[Dataset excerpts]
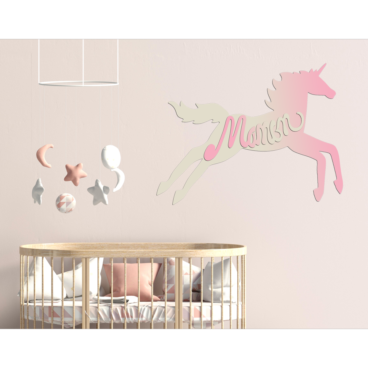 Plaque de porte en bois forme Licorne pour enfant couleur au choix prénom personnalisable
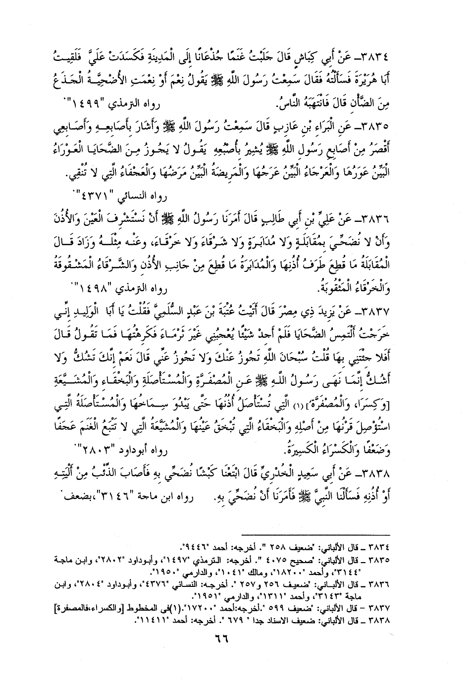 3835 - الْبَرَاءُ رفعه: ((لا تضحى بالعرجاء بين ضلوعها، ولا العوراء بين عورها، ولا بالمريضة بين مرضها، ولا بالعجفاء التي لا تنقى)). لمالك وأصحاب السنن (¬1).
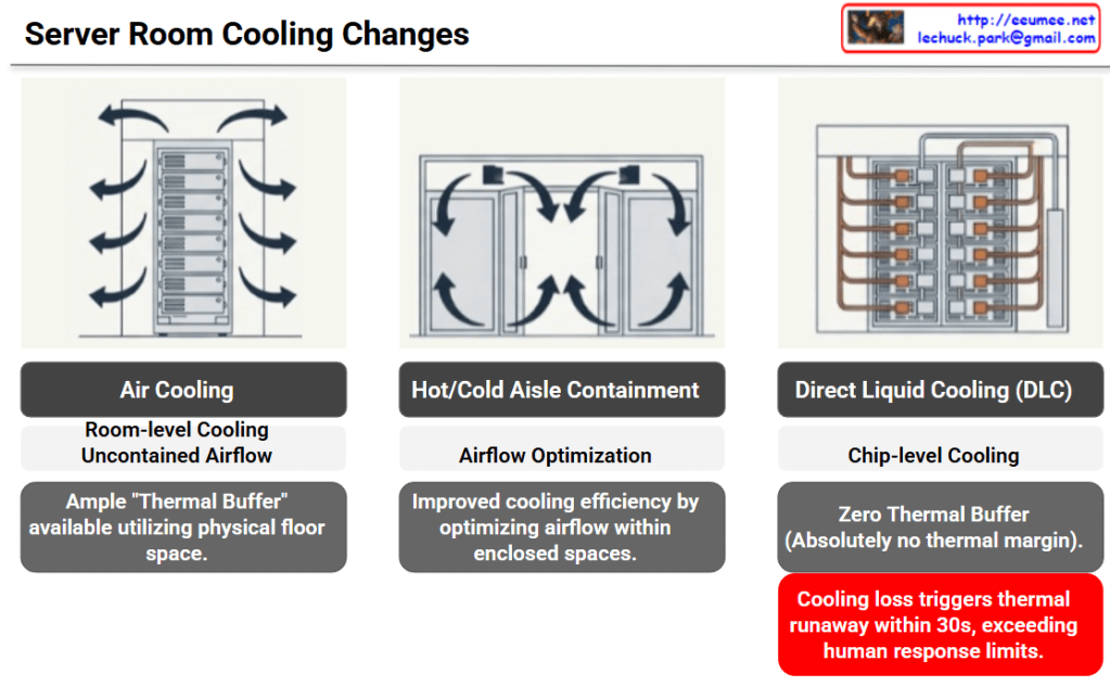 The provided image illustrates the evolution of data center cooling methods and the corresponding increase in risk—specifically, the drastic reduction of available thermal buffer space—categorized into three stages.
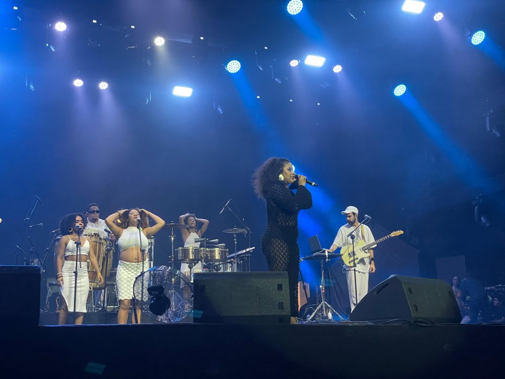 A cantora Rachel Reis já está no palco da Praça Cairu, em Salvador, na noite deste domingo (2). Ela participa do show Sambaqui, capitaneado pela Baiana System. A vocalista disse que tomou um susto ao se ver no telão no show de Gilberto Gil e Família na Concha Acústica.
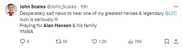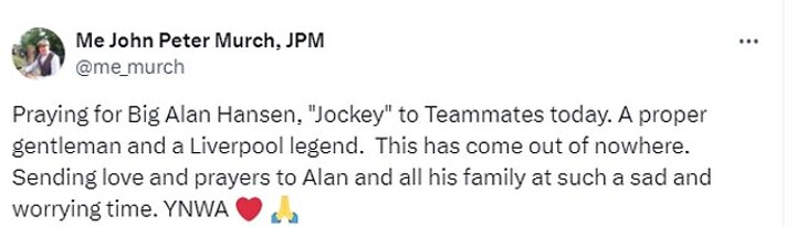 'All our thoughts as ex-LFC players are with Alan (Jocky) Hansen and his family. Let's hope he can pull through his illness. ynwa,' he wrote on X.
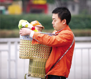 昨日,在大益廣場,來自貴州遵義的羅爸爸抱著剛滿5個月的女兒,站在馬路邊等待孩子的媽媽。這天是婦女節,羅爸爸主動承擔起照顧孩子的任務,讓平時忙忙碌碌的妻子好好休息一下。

---

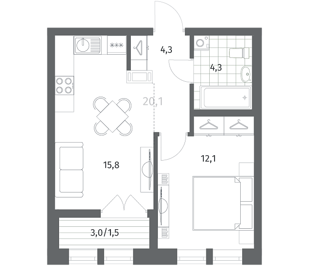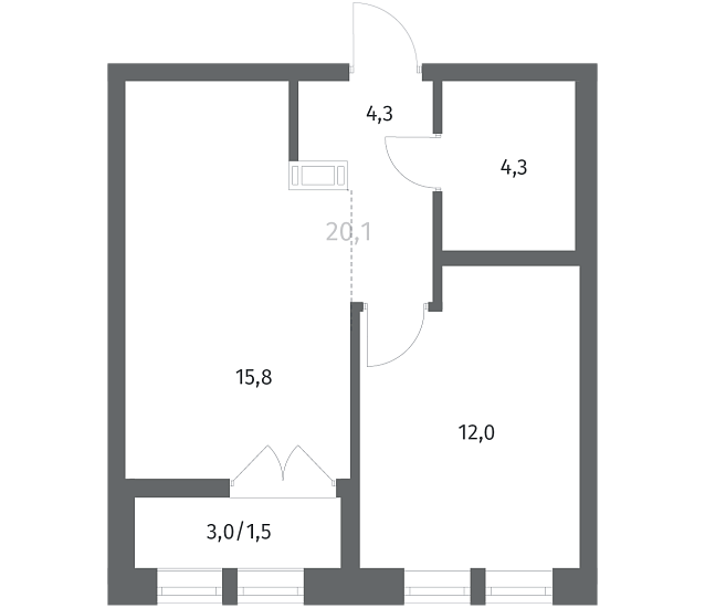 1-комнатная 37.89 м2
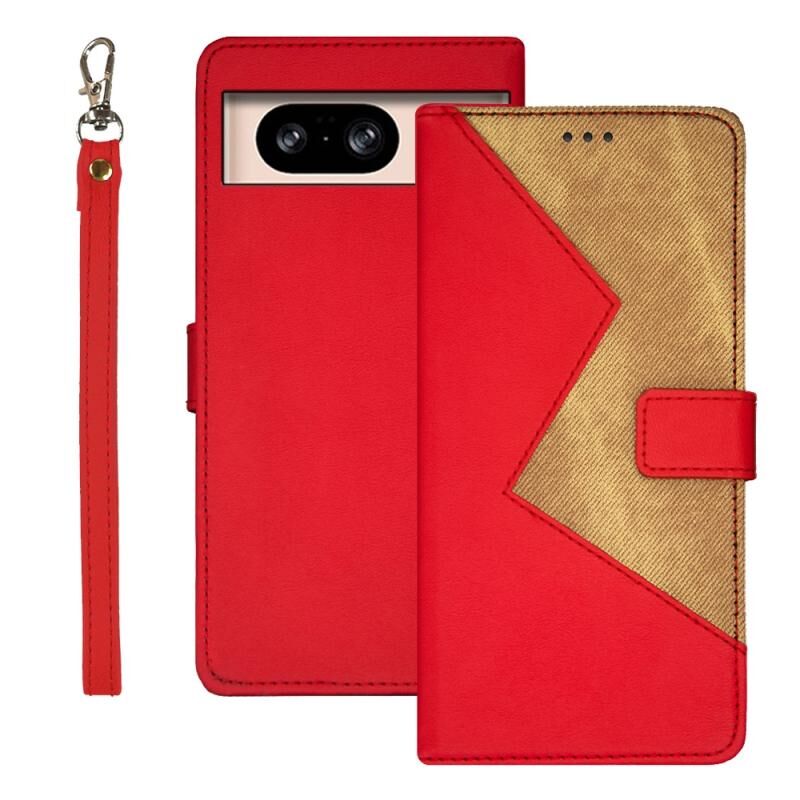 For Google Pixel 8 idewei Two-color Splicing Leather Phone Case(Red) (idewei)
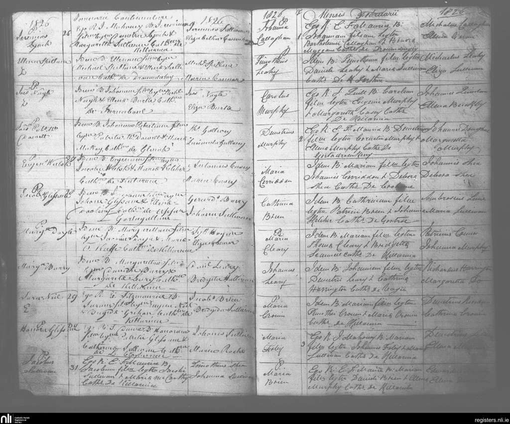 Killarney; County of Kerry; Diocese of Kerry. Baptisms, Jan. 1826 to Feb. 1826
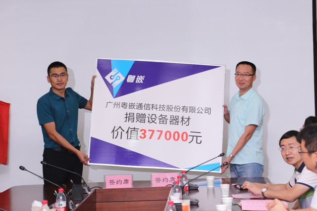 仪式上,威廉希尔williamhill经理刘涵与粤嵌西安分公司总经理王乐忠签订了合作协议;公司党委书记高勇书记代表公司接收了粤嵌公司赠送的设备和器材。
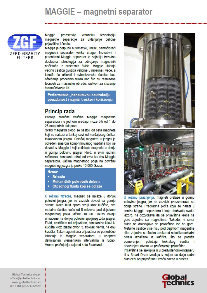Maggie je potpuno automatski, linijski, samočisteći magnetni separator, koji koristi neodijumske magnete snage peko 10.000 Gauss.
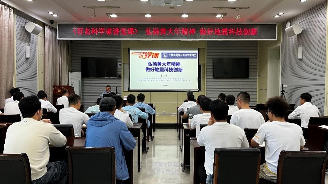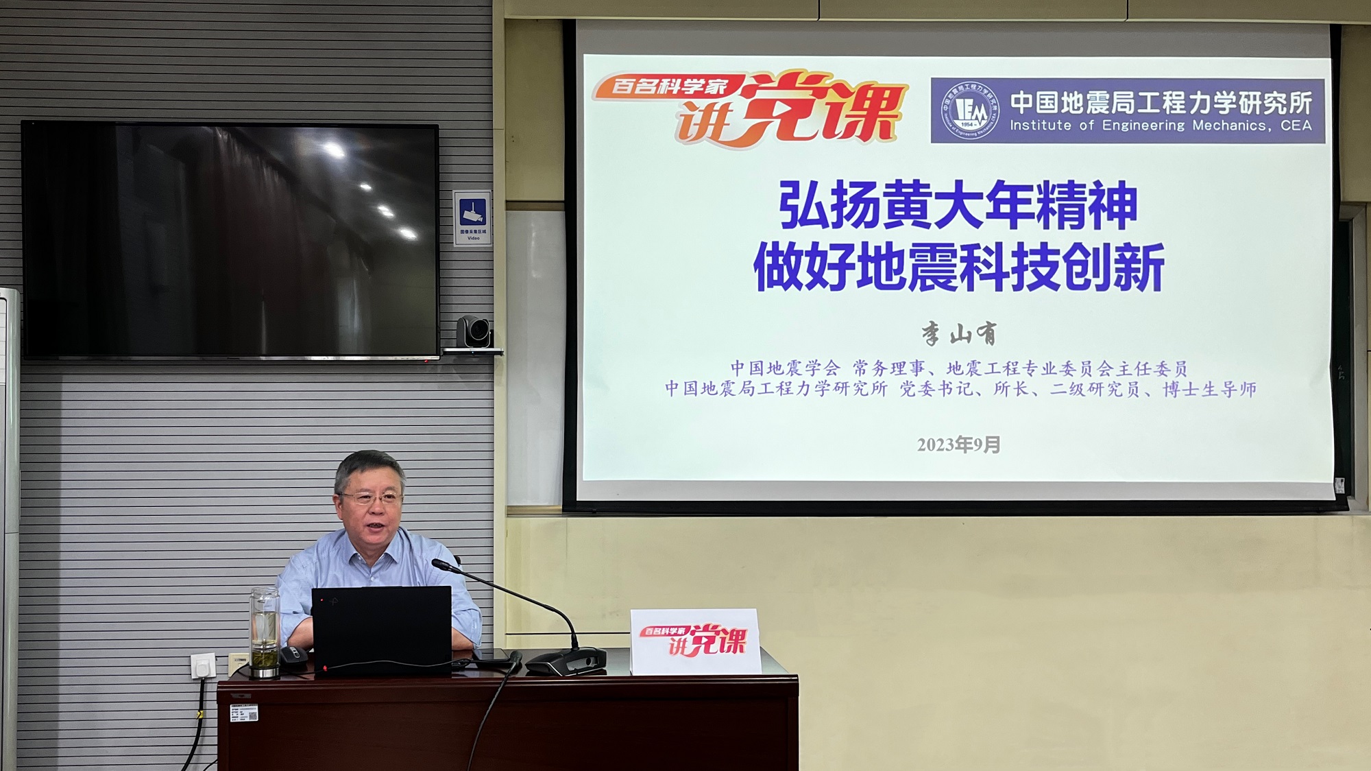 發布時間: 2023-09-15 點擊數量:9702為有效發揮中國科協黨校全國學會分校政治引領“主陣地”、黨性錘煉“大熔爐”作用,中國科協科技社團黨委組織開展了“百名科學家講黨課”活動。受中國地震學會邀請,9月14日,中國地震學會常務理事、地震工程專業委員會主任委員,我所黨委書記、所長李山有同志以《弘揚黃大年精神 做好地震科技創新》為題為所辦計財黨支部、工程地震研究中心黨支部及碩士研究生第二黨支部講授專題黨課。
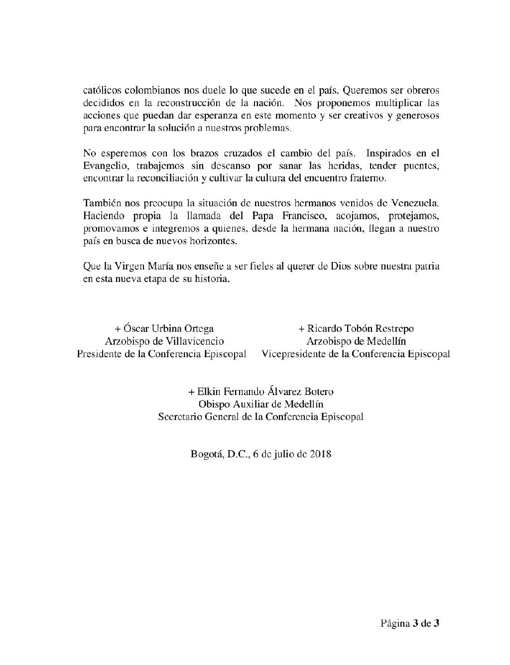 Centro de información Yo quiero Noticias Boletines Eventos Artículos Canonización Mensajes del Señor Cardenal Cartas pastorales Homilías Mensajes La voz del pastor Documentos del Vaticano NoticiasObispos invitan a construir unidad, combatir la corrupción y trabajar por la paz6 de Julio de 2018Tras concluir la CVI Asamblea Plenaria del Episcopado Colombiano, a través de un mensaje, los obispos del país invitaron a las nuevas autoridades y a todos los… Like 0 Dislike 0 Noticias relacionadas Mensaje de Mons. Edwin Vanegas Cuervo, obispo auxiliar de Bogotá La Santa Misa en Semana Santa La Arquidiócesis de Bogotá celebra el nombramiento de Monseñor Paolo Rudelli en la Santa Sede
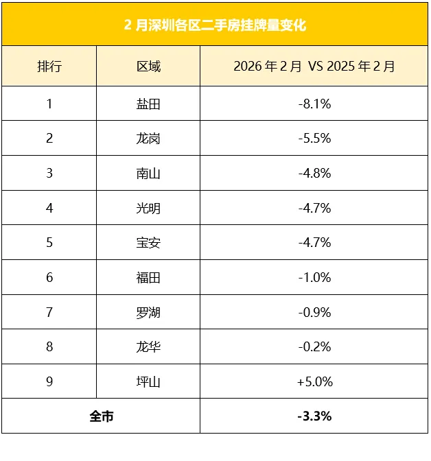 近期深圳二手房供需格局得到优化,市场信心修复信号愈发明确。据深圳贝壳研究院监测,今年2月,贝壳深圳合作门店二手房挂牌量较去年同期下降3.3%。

INSTRUCTIONS TO FOLLOW >> Only the lines starting at the one that includes "Centro de información" and ending at the one that includes "近期深圳二手房供需格局得到优" should be retyped, exactly, from the records above; no pictures.

RESPONSE BELOW >>
 Centro de información Yo quiero Noticias Boletines Eventos Artículos Canonización Mensajes del Señor Cardenal Cartas pastorales Homilías Mensajes La voz del pastor Documentos del Vaticano NoticiasObispos invitan a construir unidad, combatir la corrupción y trabajar por la paz6 de Julio de 2018Tras concluir la CVI Asamblea Plenaria del Episcopado Colombiano, a través de un mensaje, los obispos del país invitaron a las nuevas autoridades y a todos los… Like 0 Dislike 0 Noticias relacionadas Mensaje de Mons. Edwin Vanegas Cuervo, obispo auxiliar de Bogotá La Santa Misa en Semana Santa La Arquidiócesis de Bogotá celebra el nombramiento de Monseñor Paolo Rudelli en la Santa Sede
 近期深圳二手房供需格局得到优化,市场信心修复信号愈发明确。据深圳贝壳研究院监测,今年2月,贝壳深圳合作门店二手房挂牌量较去年同期下降3.3%。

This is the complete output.